Johannes Treutlein comments on Richard Ngo’s Shortform

Johannes Treutlein 28 Mar 2023 18:29 UTC
LW: 11 AF: 8
0
AF
Why would alignment with the outer reward function be the simplest possible terminal goal? Specifying the outer reward function in the weights would presumably be more complicated. So one would have to specify a pointer towards it in some way. And it’s unclear whether that pointer is simpler than a very simple misaligned goal.

Such a pointer would be simple if the neural network already has a representation of the outer reward function in weights anyway (rather than deriving it at run-time in the activations). But it seems likely that any fixed representation will be imperfect and can thus be improved upon at inference time by a deceptive agent (or an agent with some kind of additional pointer). This of course depends on how much inference time compute and memory / context is available to the agent.
- Richard_Ngo 28 Mar 2023 20:06 UTC
  LW: 3 AF: 3
  AF Parent
  So I’m imagining the agent doing reasoning like:
  
  Misaligned goal --> I should get high reward --> Behavior aligned with reward function
  
  and then I’m hypothesizing that the whatever the first misaligned goal is, it requires some amount of complexity to implement, and you could just get rid of it and make “I should get high reward” the terminal goal. (I could imagine this being false though depending on the details of how terminal and instrumental goals are implemented.)
  I could also imagine something more like:
  
  Misaligned goal --> I should behave in aligned ways --> Aligned behavior
  
  and then the simplicity bias pushes towards alignment. But if there are outer alignment failures then this incurs some additional complexity compared with the first option.

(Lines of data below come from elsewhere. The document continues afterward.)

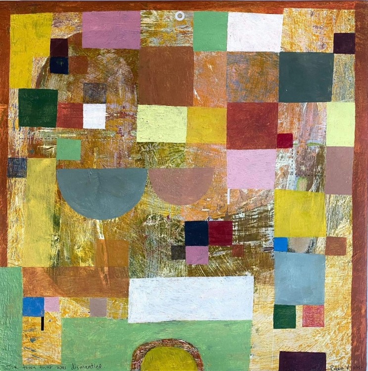 The images in this exhibition grew out of the large water colours that I previously exhibited at the Moray Gallery in 2019 with the title “Broad Bay Boogie Woogie”.  Using the square as a starting point and basis for the work, all of the works are loosely (some more than others) based on the concept of an imaginary city.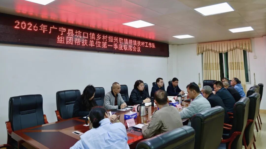 当天,还组织召开了2026年广宁县坑口镇乡村振兴驻镇帮镇扶村工作队组团帮扶单位第一季度联席会议。各组团单位代表、坑口镇主要负责同志及工作队成员齐聚一堂,共同总结前期工作,谋划新一年帮扶重点。会议强调,要持续聚焦群众“急难愁盼”,整合资源、形成合力,扎实推进各项帮扶措施落地见效,助力乡村振兴取得新进展。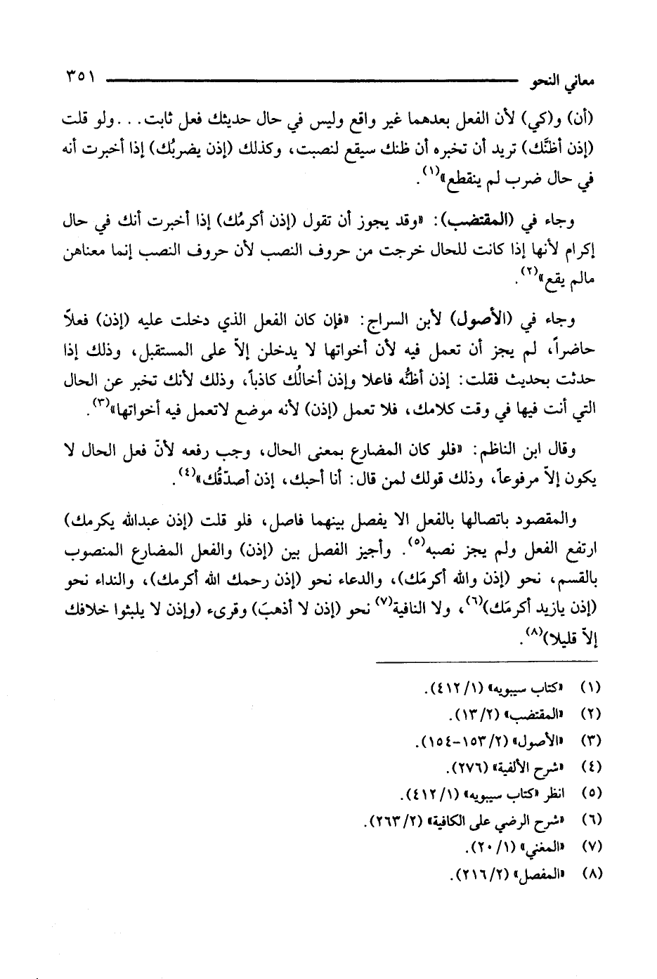 وجاء في (المقتضب): " وقد يجوز أن تقول (إذن أكرمك) إذا أخبرت أنك في حال إكرام لأنها إذا كانت للحال خرجت من حروف النصب لأن حروف النصب إنما معناهن مالم يقع (¬2).
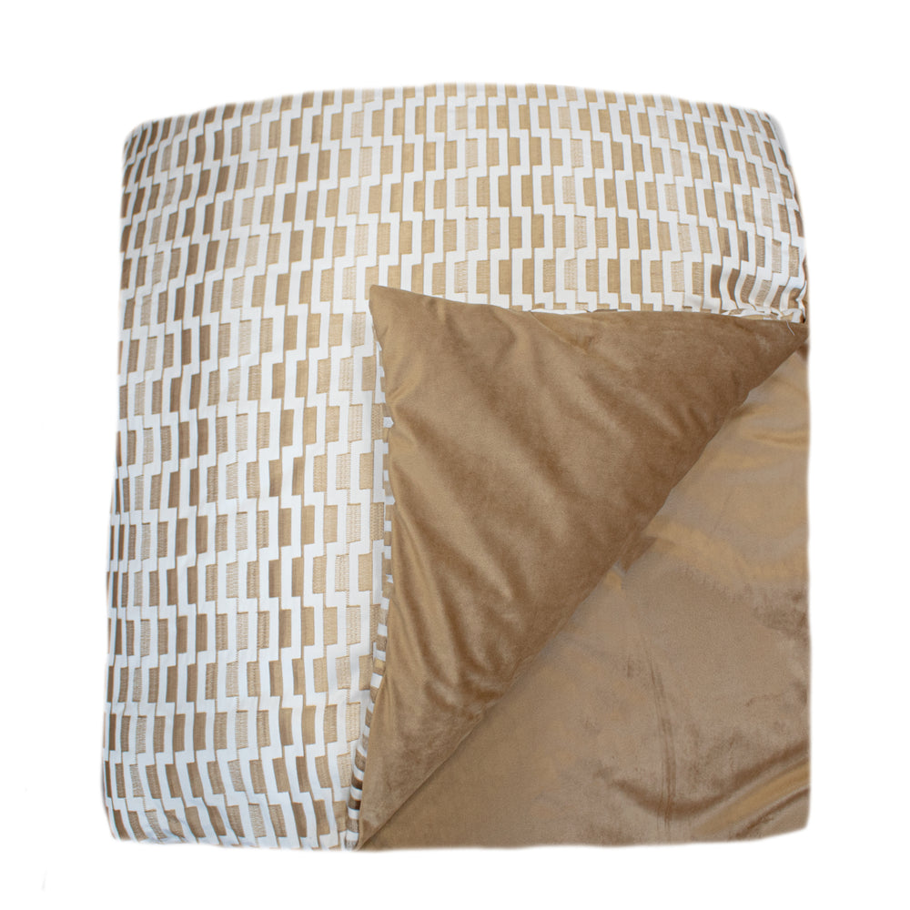 The Art of Home by Ann Gish was created to provide customers with the same quality of goods curated by Ann Gish, at an attainable price point. The products from this collection are sure to elevate any space. Our designs rely on elegance that is easy and pleasurable to live with, achieved through a marriage of form and function. It is luxury created for and enjoyed by the senses. This graceful pattern of greens, ambers, and tans is digitally printed onto a linen blend. Tiny rectangles of embroidery dance across this 100% cotton fabric. Available in palladium and gold, two very precious metals.

  Or a third, perhaps more realistic option is that the misaligned goal leads to two separate drives in the agent: “I should get high reward” and “I should behave in aligned ways”, and that the question of which ends up dominating when they clash will be determined by how the agent systematizes multiple goals into a single coherent strategy (I’ll have a post on that topic up soon).
  - TurnTrout 3 Apr 2023 19:14 UTC
    LW: 2 AF: 2
    AF Parent
    So I’m imagining the agent doing reasoning like:
    
    Misaligned goal --> I should get high reward --> Behavior aligned with reward function
    Why would the agent reason like this?
    - Richard_Ngo 3 Apr 2023 20:11 UTC
      LW: 2 AF: 2
      AF Parent
      Because of standard deceptive alignment reasons (e.g. “I should make sure gradient descent doesn’t change my goal; I should make sure humans continue to trust me”).
      - TurnTrout 10 Apr 2023 19:06 UTC
        LW: 4 AF: 3
        AF Parent
        I think you don’t have to reason like that to avoid getting changed by SGD. Suppose I’m being updated by PPO, with reinforcement events around navigating to see dogs. To preserve my current shards, I don’t need to seek out a huge number of dogs proactively, but rather I just need to at least behave in conformance with the advantage function implied by my value head, which probably means “treading water” and seeing dogs sometimes in situations similar to historical dog-seeing events.
        Maybe this is compatible with what you had in mind! It’s just not something that I think of as “high reward.”
        And maybe there’s some self-fulfilling prophecy where we trust models which get high reward, and therefore they want to get high reward to earn our trust… but that feels quite contingent to me.
        Richard_Ngo 10 Apr 2023 20:35 UTC
        LW: 2 AF: 2
        AF Parent
        To preserve my current shards, I don’t need to seek out a huge number of dogs proactively, but rather I just need to at least behave in conformance with the advantage function implied by my value head, which probably means “treading water” and seeing dogs sometimes in situations similar to historical dog-seeing events.
        I think this depends sensitively on whether the “actor” and the “critic” in fact have the same goals, and I feel pretty confused about how to reason about this. For example, in some cases they could be two separate models, in which case the critic will most likely accurately estimate that “treading water” is in fact a negative-advantage action (unless there’s some sort of acausal coordination going on). Or they could be two copies of the same model, in which case the critic’s responses will depend on whether its goals are indexical or not (if they are, they’re different from the actor’s goals; if not, they’re the same) and how easily it can coordinate with the actor. Or it could be two heads which share activations, in which case we can plausibly just think of the critic and the actor as two types of outcomes taken by a single coherent agent—but then the critic doesn’t need to produce a value function that’s consistent with historical events, because an actor and a critic that are working together could gradient hack into all sorts of weird equilibria.
  - SoerenMind 24 Apr 2023 9:04 UTC
    LW: 1 AF: 1
    AF Parent
    So I’m imagining the agent doing reasoning like:
    
    Misaligned goal --> I should get high reward --> Behavior aligned with reward function
    The shortest description of this thought doesn’t include “I should get high reward” because that’s already implied by having a misaligned goal and planning with it.
    In contrast, having only the goal “I should get high reward” may add description length like Johannes said. If so, the misaligned goal could well be equally simple or simpler than the high reward goal.